The show focuses on George Thekumoottil (Josekutty Valiyakallumkal), a struggling insurance agent. His wife Rincy (Sajini Sachariah) is a nurse who prefers a more luxurious life. While George and Rincy grew up in Kerala, India, their children Matt (Febin Joseph) and Chakki mol (Felisha Joseph) were born and raised in the United States and prefer the American way of living. The show also features Jacob Gregory as George's insurance assistant, Giri Giri and Paulose Palatty as George's father.

Other episodes follow the lives of Mahi (Hari Dev) and Babykuttan (Sanjeev Nair), two nurses who recently immigrated from Kerala, India and their housemates Krish (Jayan Mathew) and Baiju (Geo Thomas), who moved in with them after losing their jobs during the IT recession.
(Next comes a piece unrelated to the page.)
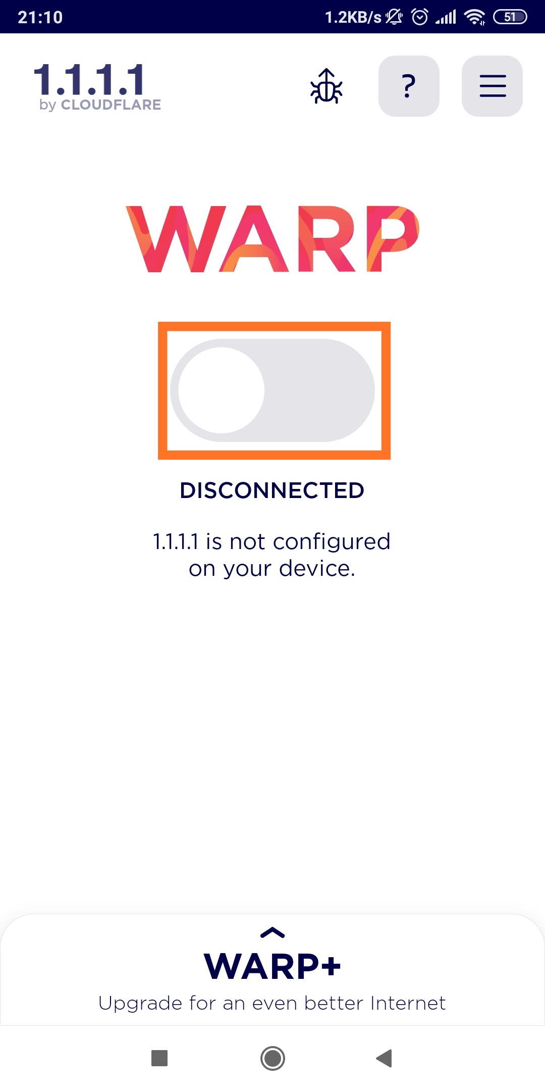 প্রথম ধাপঃ WARP অ্যাপ কানেক্ট করতে নিচের ছবিতে মার্ক করে দেখানো বাটনে ক্লিক করুন।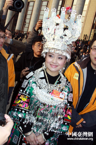 来自贵州省黔东南苗族侗族自治洲,被誉为苗家百灵的“80后”全国人大代表阿幼朵。(中国台湾网 董洁 摄)

Other recurring characters include Pallilachan (Jose Paramus), a priest from the New Jersey church, Rincy's friend Shiny (Shine Roy) and Shiny's husband Jacob Embranthiri (Saji Sebastin).

Premise

George Thekkinmootil is a Malayali from Aymanam. He moved to the U.S., after marrying Rincy who is a nurse working in New Jersey. Having grown up in Kerala, he is often nostalgic and emotional about his homeland. Rincy, by contrast has accustomed to the American life, and is not bothered much by it. A running gag throughout the show is the cultural divide between George and his children. Though he is critical of their embracement of the American culture, he is a loving father and often tells them how fortunate they are to enjoy such a great life in America. At the onset of the series, George is stuck in a job that he dislikes and tries launching various businesses, all of which backfire. He finally settles down as an insurance agent after clearing the Insurance License Exam, and starts his own Insurance firm.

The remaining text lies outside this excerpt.